Türkiye Dinazorlar Partisi


     Türkiye siyasetinin en renkli siyasi partisini kurmak için sanırım elimizde güzel bir fırsat oluştu. Güniz Sokaktaki evinden Süleyman Demirel de iştirak ederse eğer Necmettin Erbakan, Önder Sav ve Hüsamettin Cindoruk’la birlikte 4’lü eş başkanlık sistemine dayanan Türkiye Dinazorlar Partisi’ni kurabileceğiz. Çok mu ağır konuşuyorum diye düşünüyorum ama artık zurnanın zırt dediği yerde olduğumuzu da görmemiz gerekmiyor mu? Türkiye Dinazorlar Partisi’nin vizyon ve misyonuna sonra dönmek koşulu ile bu partiyi kurma fikrine nereden geldiğimi biraz anlatmam lazım.
     CHP’de yaşanan son gelişmeleri TV başında izlerken Sayın Önder Sav’ın basın açıklamasını da dinledim. Sanki daha dün Kemal Kılıçdaroğlu’na omuz veren kendisi değilmiş gibi (dikkat buyurun Erbakan-Kurtulmuş, Demirel-Çiller vakalarıyla çok benzeşir) Genel Başkan Kılıçdaroğlu’na bayrak açıyor ve “CHP’yi değiştiremeyeceksin, yeni CHP diye bir şey yok” diyordu.
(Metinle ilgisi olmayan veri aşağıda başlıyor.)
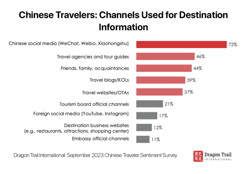 72% of survey respondents looked to Chinese social media platforms like WeChat, Weibo, and Xiaohongshu for information on outbound travel destinations. The other most trusted information sources included travel agents and tour operators, friends and family, and KOLs and travel websites.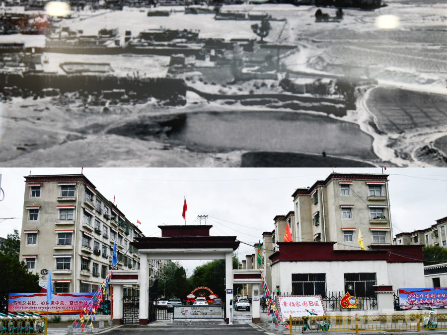 圖為西藏自治區(qū)日喀則市桑珠孜區(qū)城北街道幸福社區(qū)的新舊對比 攝影:趙振宇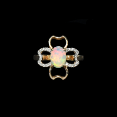 Ethiopian Opal Oval 1.05 Carat Ring In 14k Yellow Gold With Accented Diamond Ring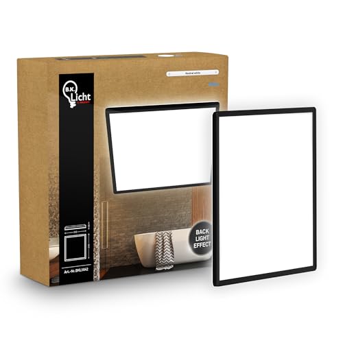 B.K.Licht Platt LED-panel med indirekt belysning, neutralt vitt ljus, IP44-skydd, badrum, kökskrona, ljuskrona, vardagsrum, 24 x 24 x 3 cm, svart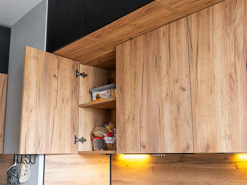 Зависит от размера, материала фасадов и комплектации. Прямые — от 120 000 ₽, угловые — от 180 000 ₽. Точную стоимость считаем бесплатно после замера или по вашим размерам.

Klasik jargonla Laiklik, Kemalizm vurgusu yapıyor ve bu partiye 53 sene hizmet ettim, odamı taşımak için kamyon lazım mealinde konuşuyordu. Bu değişime direnme telaşını oldum olası anlayabilmiş değilim. Daha önceki bir yazımda da belirttiğim gibi “Berlin Duvarı Yıkılmış” olduğuna göre hangi duvarın sağlam kalacağına inanıyorsunuz? Maksadımız yıkmak, düşürmek, devirmek falan değil. Değişimin karşısına dikilen duvarları (dinazorları) yıkmak. Bu dünya kimseye kalmadı kalmaz Sultan Süleyman’a kalmamış ise… şarkısını da hiç dinlememiş mi bu değişim ve statüko yanlıları?
Kemal Kılıçdaroğlu ve ekibini göreve geldikleri ilk günden bu zamana kadar ilk kez can-ı gönülden tebrik etmek gerekiyor. Ancak henüz kavga sonuçlanmış değil, sonucu kestirmek de pek kolay olmayacak. Önder Sav’ın parti meclisinde ve il örgütlerindeki konumu ve gücü yadsınamayacak kadar çok. Sonuç bugün olmasa da yarın Önder Sav’ın yenilgisi olacaktır bunu biliyoruz ama yaklaşan genel seçimler öncesinde ve Türkiye’de iktidar partisine sıkı ve sağlam muhalefet yapacak bir siyasi anlayışa ihtiyaç varken bu sürecin uzamasını da şahsen istemiyorum. Bu durumda Deniz Baykal’a başvurmak ne kadar ürkütücü görünse de Kılıçdaroğlu açısından belki hayırlara vesile olabilecektir. Aksi takdirde Kılıçdaroğlu’nun geldiği eller ile gönderilmesi ihtimali de söz konusu olabilir.
     Kısa bir durum değerlendirmesinden sonra işin eğlenceli kısmına geri dönebiliriz. Ne demiştik, Türkiye Dinazorlar Partisi! Kısaltmasını yazınca TDP oluyor ve ortadaki “D” yi “demokrasi” diye de yutturabiliriz. Ne de olsa ülkemizde “demokrasi” amaç yerine araç olabiliyor! (referandum sonrasında daha güçlü demokratikleşme adımları bekliyorduk). Bu son gelişmeler bana garip bir yorum yapma fırsatı verdi. Eğer Erbakan ile Sav aynı kutunun içine girebiliyorsa, Türkiye’nin sorunu dindarlık-laiklik falan değil de otokratlık sorunudur diyebiliriz. Netice itibariyle “yeniliği” kaldıramayan, koltuklarını bırakamayan, hep söz benim olsun diyen ve bu sözlerin ardına utanmadan biz gençliği çok önemsiyoruz gibi kocaman bir yalanı ekleyen siyasetçi, bürokrat, akademisyen, gazeteci, v.b. ne varsa hepsine sesleniyorum. “Çekin ellerinizi üzerimizden”! Bir gelecek yaşanacaksa, bir gelecek kurgulanacaksa ve bir gelecek hayali varsa, o geleceği, yaşayacak olanların da içinde bulunduğu süreçler ile projelendirmek bu kadar zor olmamalı!

Türkiye Dinazorlar Partisi ile eğlenmeye devam edeceğiz.